The percentage of U.S. GDP spent on health care continues to rise, reaching 17.9% in 2017. At the same time, health insurance premiums have increased as much as 60% in the individual market in some states. The federal and state insurance exchanges have failed to rein in costs. Now, with the rollback of the mandate that individuals must purchase health insurance, the number of uninsured in the country will climb. Meanwhile, continued federal funding of the subsidy for insurance for the poor is uncertain.

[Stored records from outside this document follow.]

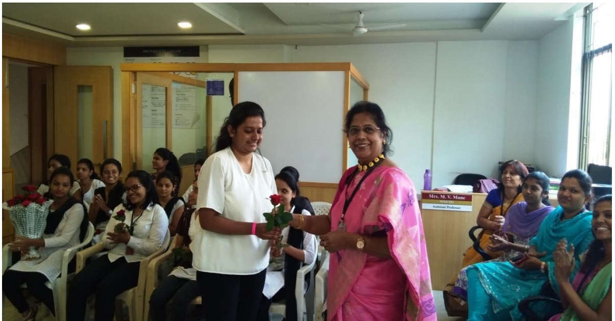
International Women's Day Celebration, Dated -08/03/2018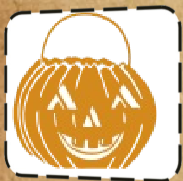
JACK O LANTERN BUBBLES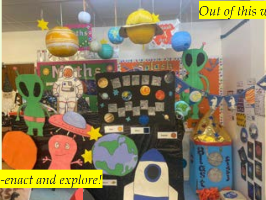
Out of this world role-plays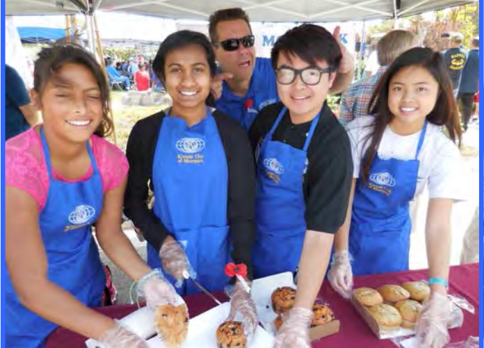
Moorpark Kiwanians and Key Club members serve our veteran's and guest coffee and snacks at the Memorial Day observance.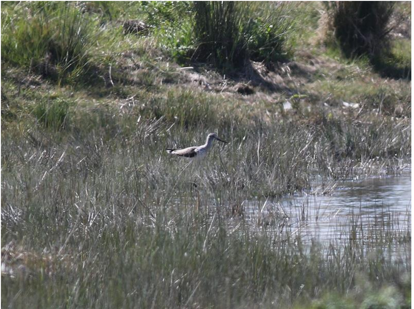
Greenshank at Donkey Street

There have been just two sightings in October, singles at Nickolls Quarry on the 10 th October 2007 and at Botolph's Bridge on the 18 th October 2002, and no recent winter records.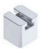
Slide Core Unit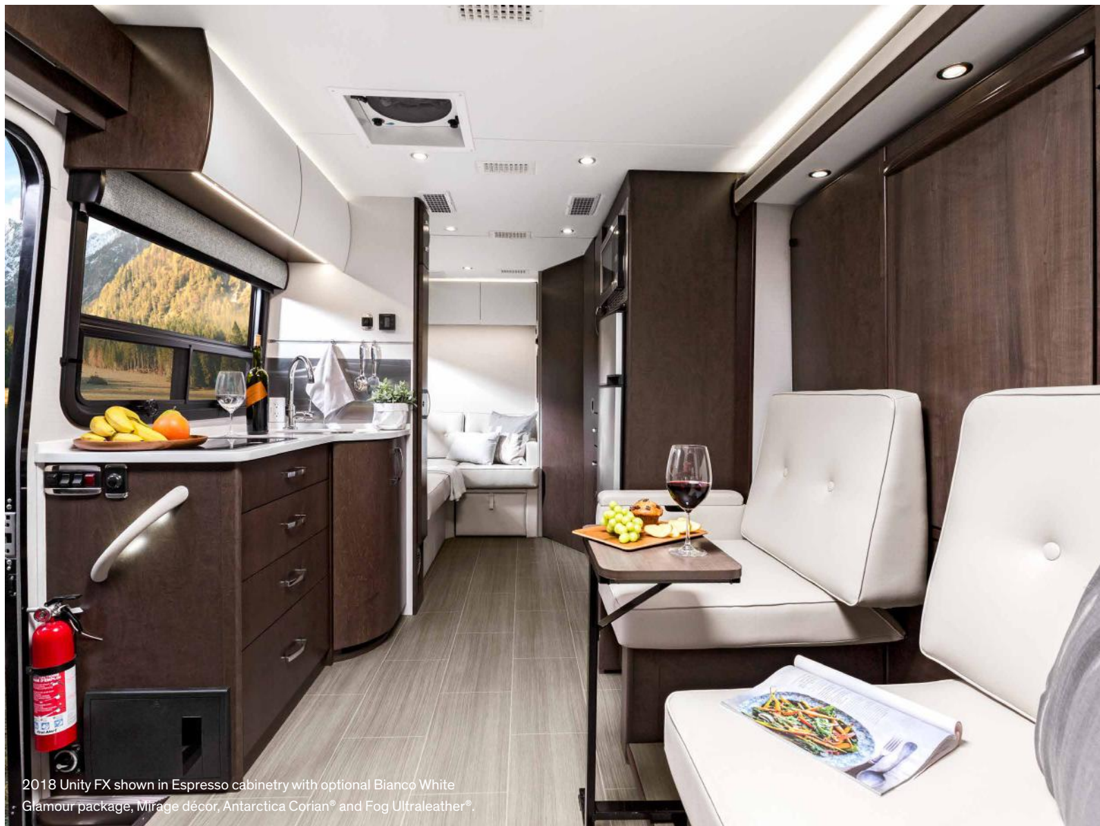
2018 Unity FX shown in Espresso cabinetry with optional Bianco White Glamour package, Mirage décor, Antarctica Corian® and Fog Ultraleather®.

One Proven Way to Improve U.S. Health Care: Expand Medicare Advantage
Despite the hullabaloo about the need to slow down the rate at which U.S. health care costs are increasing, the percentage of GDP spent on health care continues to rise, reaching 17.9% in 2017. At the same time, health insurance premiums have increased as much as 60% in the individual market in some states. The federal and state insurance exchanges have failed to rein in costs. Now, with the rollback of the mandate that individuals must purchase health insurance, the number of uninsured in the country will climb. Meanwhile, continued federal funding of the subsidy for insurance for the poor is uncertain. Amazon, JP Morgan Chase, and Berkshire Hathaway have announced an initiative to improve health care outcomes and reduce costs, but these efforts have not worked in the past despite the best intentions. It’s time for a better idea that addresses both cost and quality. That better idea is expanding the successful Medicare Advantage program to both Medicaid and employer-covered populations. This program has a proven track record in preserving quality and generating customer satisfaction. If all Americans were covered by the program, selection bias — insurers seeking to cover healthier, more profitable people and shun the sicker and more expensive — would be eliminated (since everyone is in the same risk pool). And health care costs would be better managed because the Centers for Medicare and Medicaid Services would accelerate value-based payments to providers and cost shifting between commercial populations and Medicare would be eliminated.